On September 30th Liz Lev directed us on a tour through the Vatican Museums.  Though I had been to the museum many times before, I never truly appreciated the history and development of Michelangelo's craft and theological mindset when sculpting and painting.  We began in the Etruscan room with significant B.C. sarcophagi with Old Testament figures.  Jonah was a hugely influential figure in the early Christian church.  They believed he was a pre-figure of Christ.  He was in the belly of the whale for 3 days.  Christ was in the tomb for 3 days.  He was expelled onto Ninevah and the people repented.  Christ was resurrected from the dead and people believed.  So, when we began there it was much easier to see how the figure of Jonah became the largest figure painted on the ceiling of the Sistine Chapel.

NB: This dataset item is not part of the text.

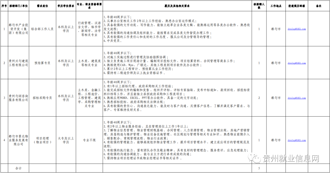 本次招聘共4个岗位,其中都匀市产业投资开发(集团)有限公司招聘综合部工作人员1人、贵州兴匀建筑工程有限公司招聘预结算专员1人、贵州匀润咨询服务有限公司招聘招标采购专员2人、都匀市景达物业服务发展有限公司招聘项目经理(物业项目)1人,具体详见《都匀市农旅产业发展集团有限公司2023年第三次公开招聘岗位一览表》(附件1)。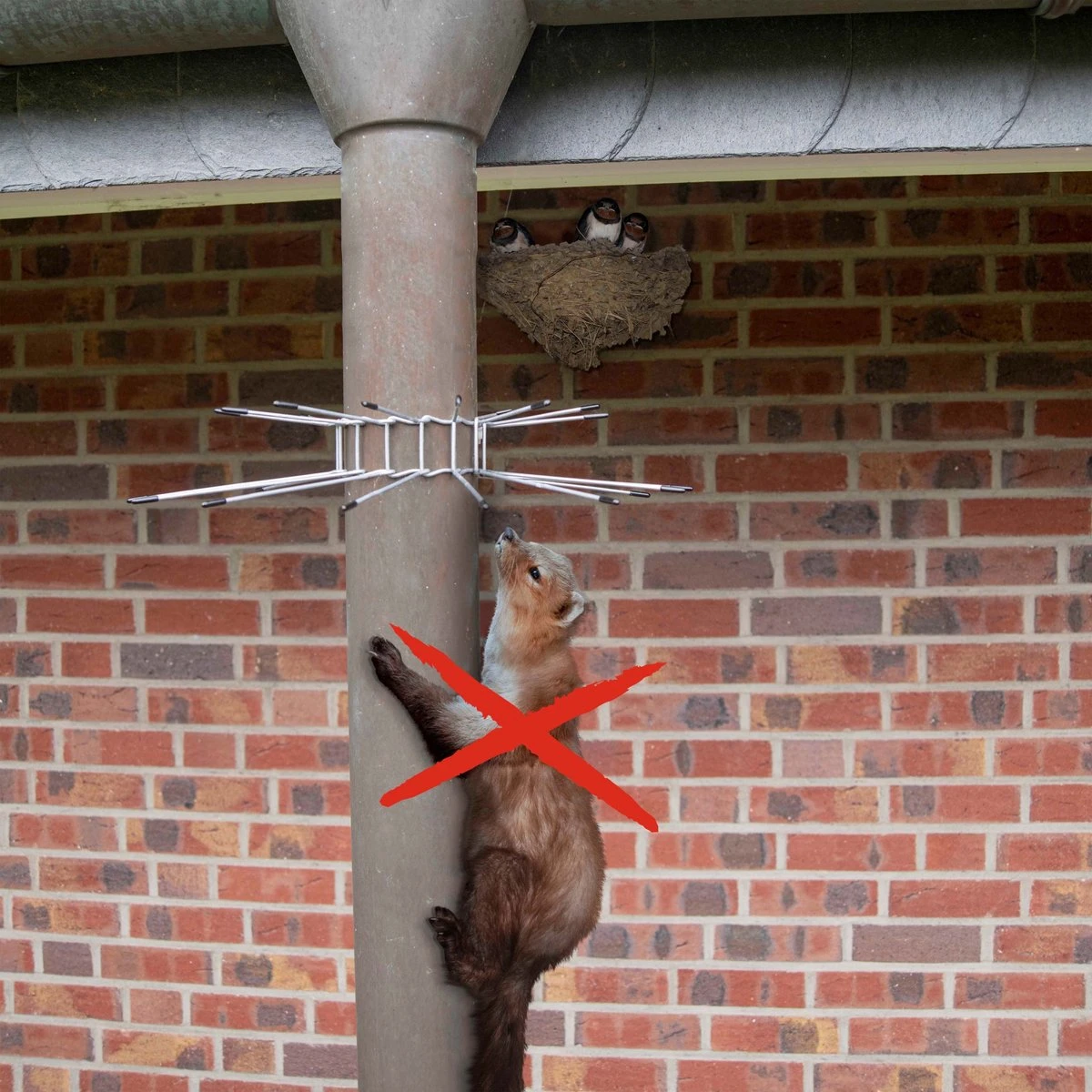 Met zijn lange spikes ziet de regenbuidelriem er weliswaar martiaal uit, maar in principe is hij slechts een klimbarrière die de weg naar boven bemoeilijkt. Bij grotere buisdiameters kan de riem ook met andere sets worden aangevuld.

Also, we begin to see what a tremendous artistic genius Michelangelo was and how it helped develop the talent and the abilities of other painters such as Raphael.  When Raphael was doing his work on the Borgia apartments, Michelangelo was sculpting and painting for St. Peter's Basilica and the Sistine Chapel.  When he noted the skill and expertise of Michelangelo he knew he had to step up a notch or two and improve his abilities.  His earlier work is significantly different than his later pieces simply because he now had competition for commissions and knew that it would be difficult to match the genius of Michelangelo.

Raphael's work reveals the power of light.  In the Stanza do Elidoro he paints with such beauty and utilizes four kinds of light in his work.  It's amazing to see the transition from a great painter to an
exceptional one.  In his piece, with St. Leo the Great doing battle with Attila the Hun Raphael uses stunning imagery and incorporates even the Colosseum's image in the background.  You can see the battle between evil and good, light and darkness on opposite sides of the piece.  The power of evil is depicted in the muscular stance of the horse while the power and light from Leo is coming from the angels and heaven above.

Of course the Sistine Chapel was a highlight at the end of our tour but, sadly, there were so many
people and noise and guards yelling, "Silenzio, Silenzio" that it deflates the experience a bit.  I can just imagine the College of Cardinals gathered in that prayerful space discerning the next pope.  If there is anyplace where heaven touches earth it certainly is in this magnificent depiction of the creation of man, the Last Judgment and the story of the flood.  Ironically Michelangelo was commissioned to paint Christ and the twelve apostles.  Being the over-achiever that he was, he ended up painting over 300 figures on the Sistine Chapel ceiling.  It took him four years to complete the work which has been left to humanity as a gift to the achievement of what God can accomplish through his greatest creation.